UNIVERSITY of GLASGOW

The Sabot Makers, Tours

Impression:

()
Number: 394
Date: 1888
Medium: etching (?)
Size: unknown mm
Signed: unknown
Inscribed: unknown
Set/Publication: no
No. of States: 1
Known impressions: 0
Catalogues: K.-; M.-; T.-; W.-
Impressions taken from this plate  (0)

KEYWORD

people, shoe, shop, worker.

TITLE

An etching was listed during stocktaking in Whistler's studio:

'The Sabot Makers - Tours' (1887/1888, Whistler). 2

The etching has not been located, but is here given Whistler's title.

2: List, [August 1887/1888], GUW #13233.

DESCRIPTION

Unknown. It could be either an interior, showing a workshop, or exterior, showing the shop-front.

SITE

Tours is a town in the Loire valley, France. Whistler drew several etchings in Tours, including Rue des Bons Enfants, Tours [392], The Hôtel de la Croix Blanche [395], The Market Place, Tours [388], Little Market Place, Tours [389] and The Hangman's House, Tours [393]. None of these can be identified as the 'Sabot-makers'.

DISCUSSION

A sabot was a wooden clog or over-shoe. It was commonly worn by working class men and women in both town and country. Making sabots was a job for a wood-worker, a specialised craftsman or carpenter, and sabots were finished by both men and women.
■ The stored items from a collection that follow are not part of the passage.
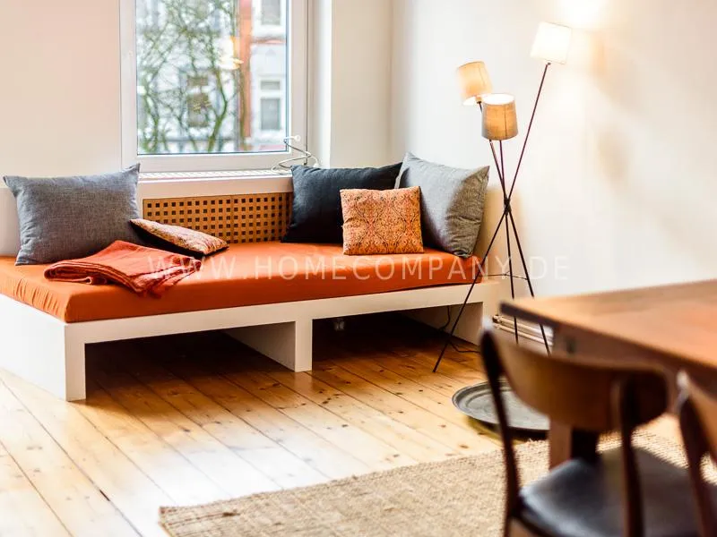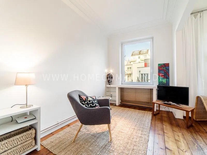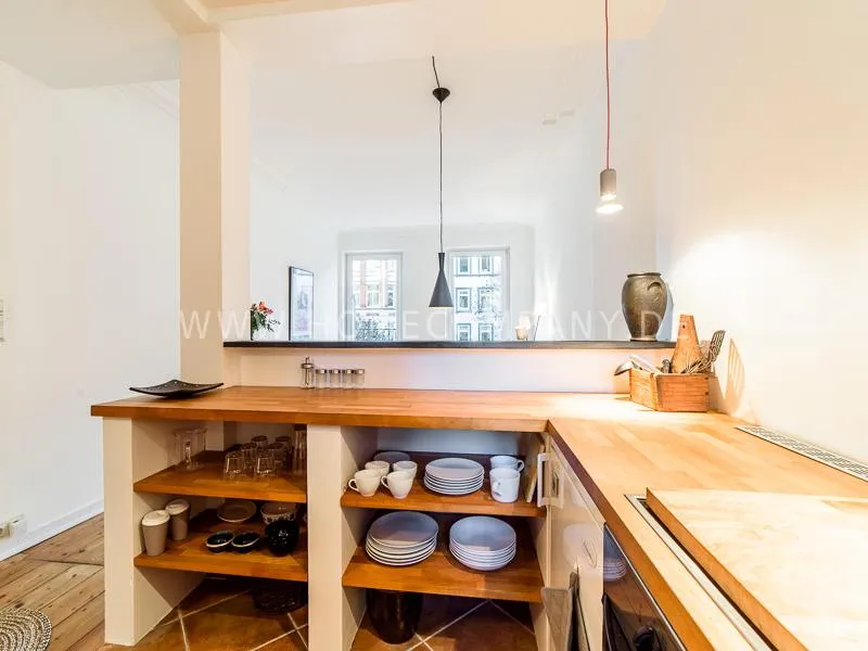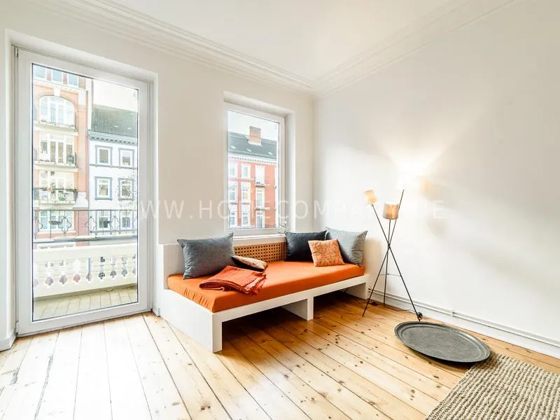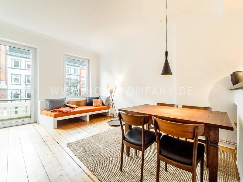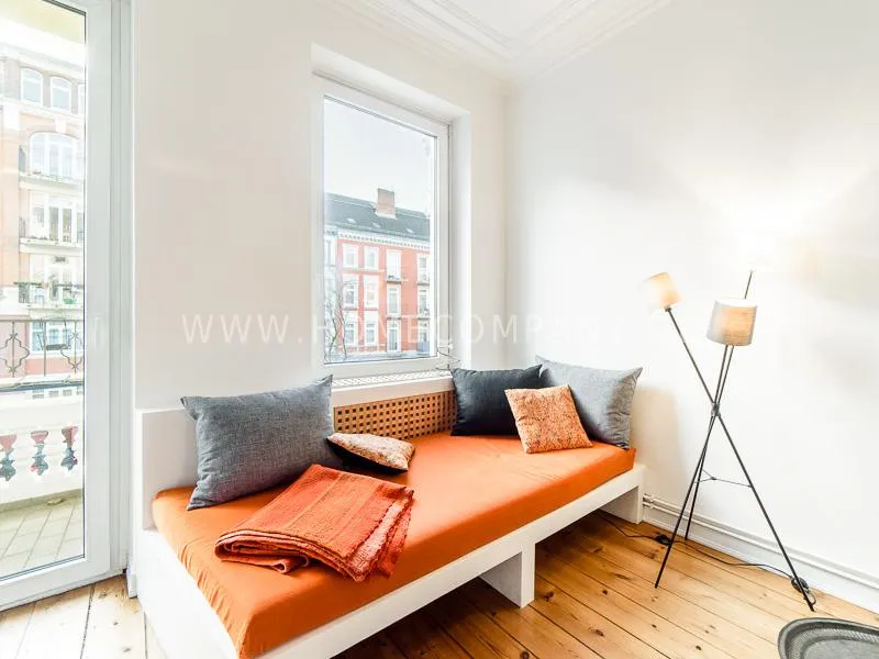 Lovingly, charming renovated apartment with charm in a quiet location in the lively, scenic district Schanzenviertel. The apartment has a large kitchen, many high-quality fixtures, a well-laid floor and a balcony. The bed is 1.60 wide. The apartment has morning sun from the east, in the afternoon from the west. Very central location with various outings and shopping possibilities in the immediate area.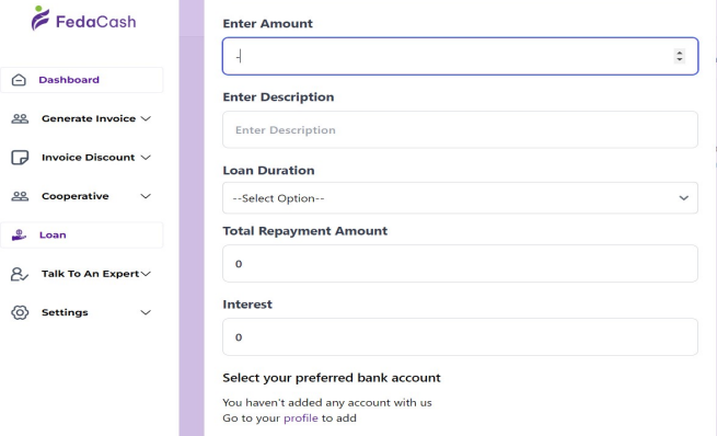 FedaCash will review your loan application and notify you of the approval status. You’ll be informed via email or directly within your FedaCash dashboard.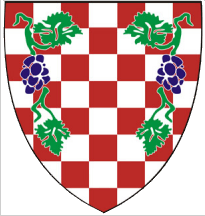 Coat of Arms: checky gules and argent, over all two branches vert with flowers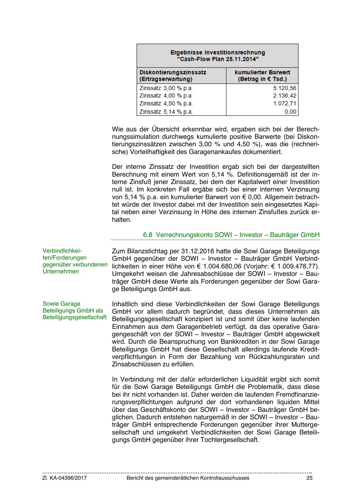 Umgekehrt weisen die Jahresabschlüsse der SOWI – Investor – Bauträger GmbH diese Werte als Forderungen gegenüber der Sowi Garage Beteiligungs GmbH aus.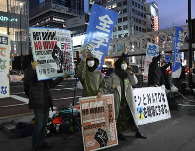 同日夕方、全学連を先頭に新宿駅前でロシア軍のウクライナ侵攻に抗議し反戦決起を呼びかける宣伝行動に100人が立った。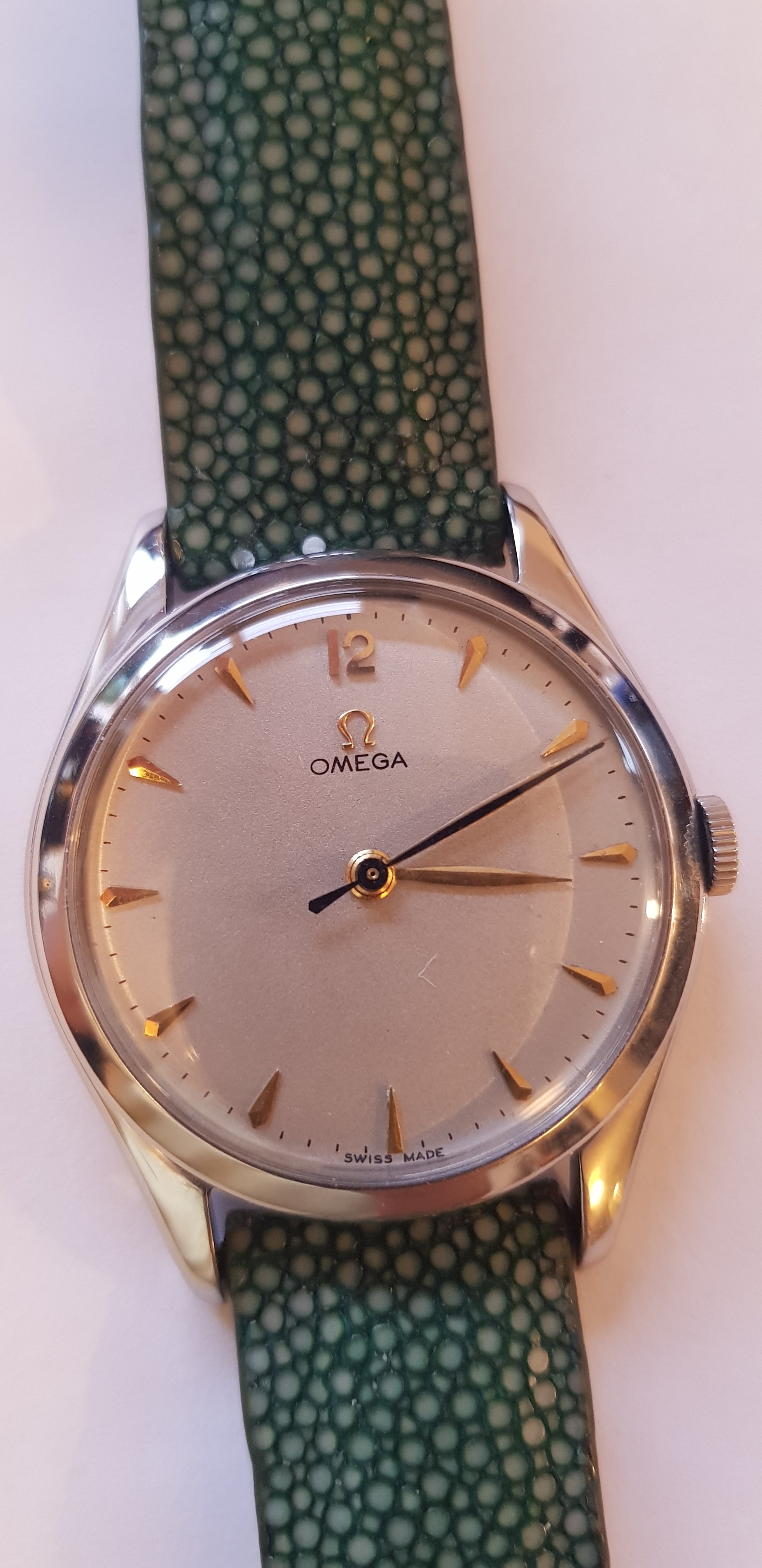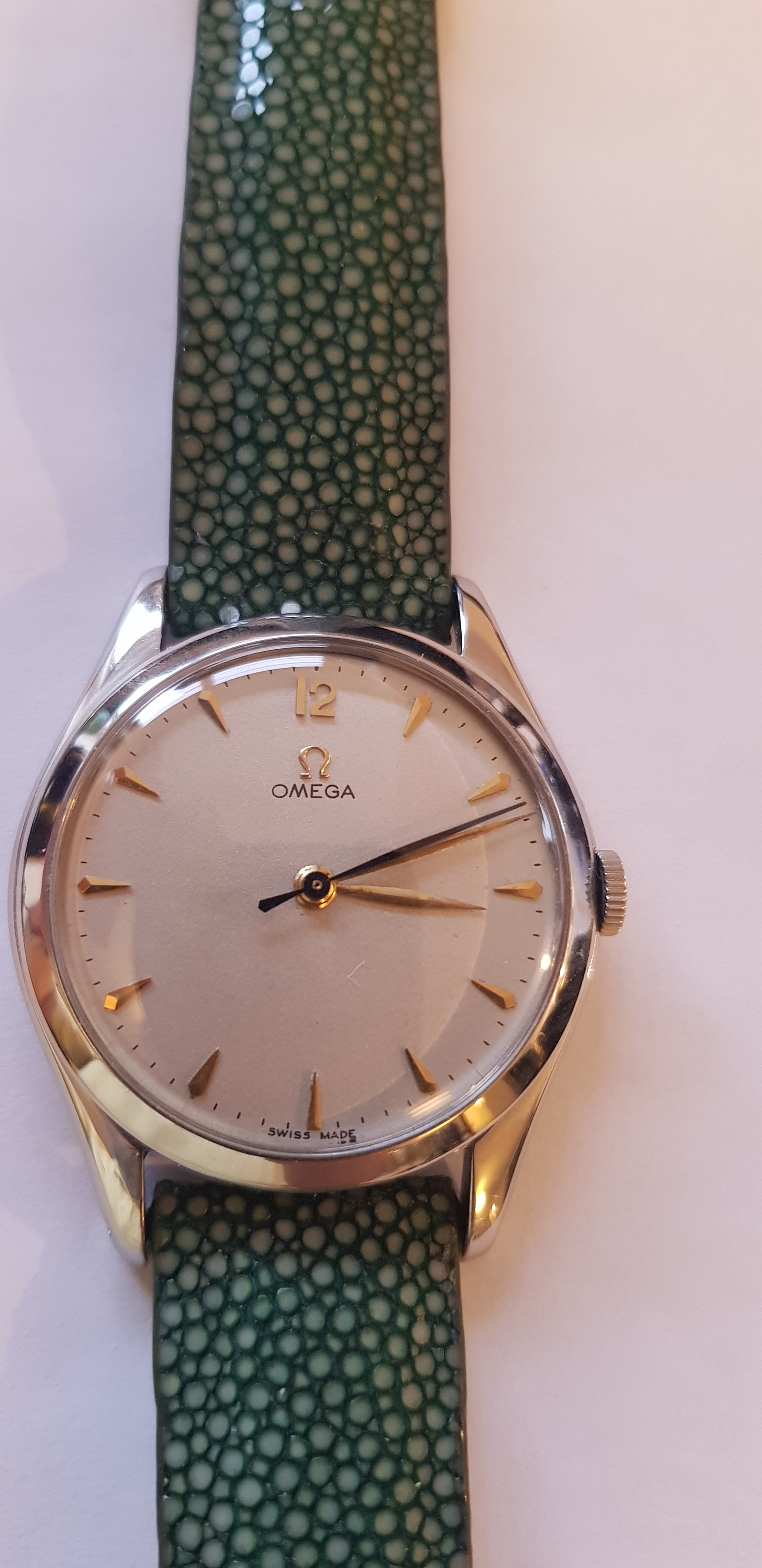 ·Hello forum. I wonder if you chaps can help me with some of your terrific knowledge (grovel). I have had this nice watch for some time now. It has been well looked after considering its age, but i was recently told by a watch repairer that it has had work done to the dial. I've stared for what seems like hours through my loup and squinted long and hard but it looks ok to me. Maybe the 'O' in omega is small? The 1 at the midday mark looks a bit askew, but i may now be imagining things. Please can I get some help here. I am becoming obsessed. I hope the photo is ok.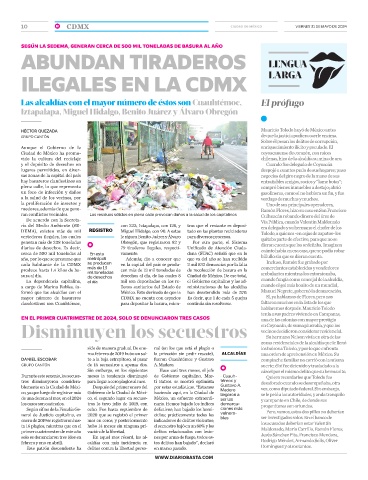 ran conflictos vecinales. • Los residuos sólidos en plena calle provocan daños a la salud de los capitalinos Culhuacán robando dinero del área de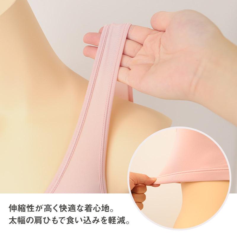 伸縮性が高く着脱も楽ちんで、ノンワイヤーで快適な着心地。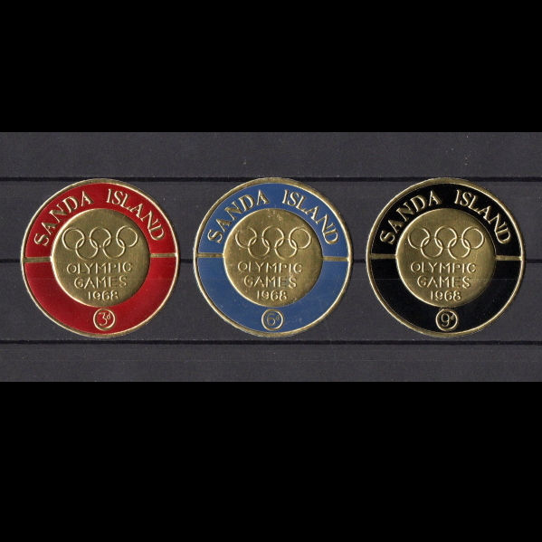 - ■サンダ島(スコットランド)切手 1968年 メキシコ五輪 / オリンピック 金箔+エナメルカラー 3種完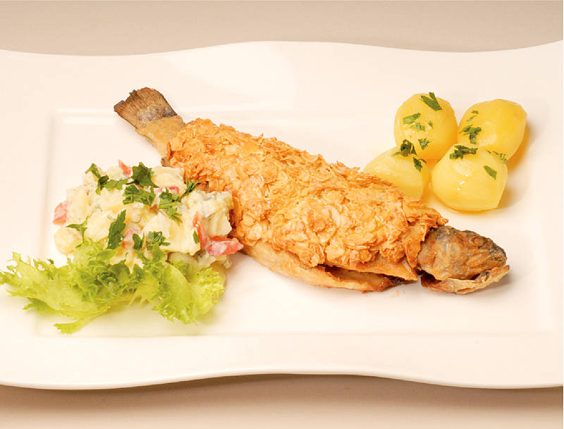 Bachforelle in Mandelkruste, Petersilienkartoffeln und Joghurt-Blattsalat |

Thus a depiction of 'sabot-makers' could have shown a wooden work bench, or blocks of wood, and perhaps sabots hung on the wall, window or door.
Some of the copper plates remaining in Whistler's studio at his death show shop-fronts, but is not possible to make out any sabots in them.
It is unfortunate that both Whistler's etchings of shoe-making should have disappeared; the other was Boot Shop, Ratcliffe Highway [379]. He did however draw a lithograph of The Shoemaker [c169].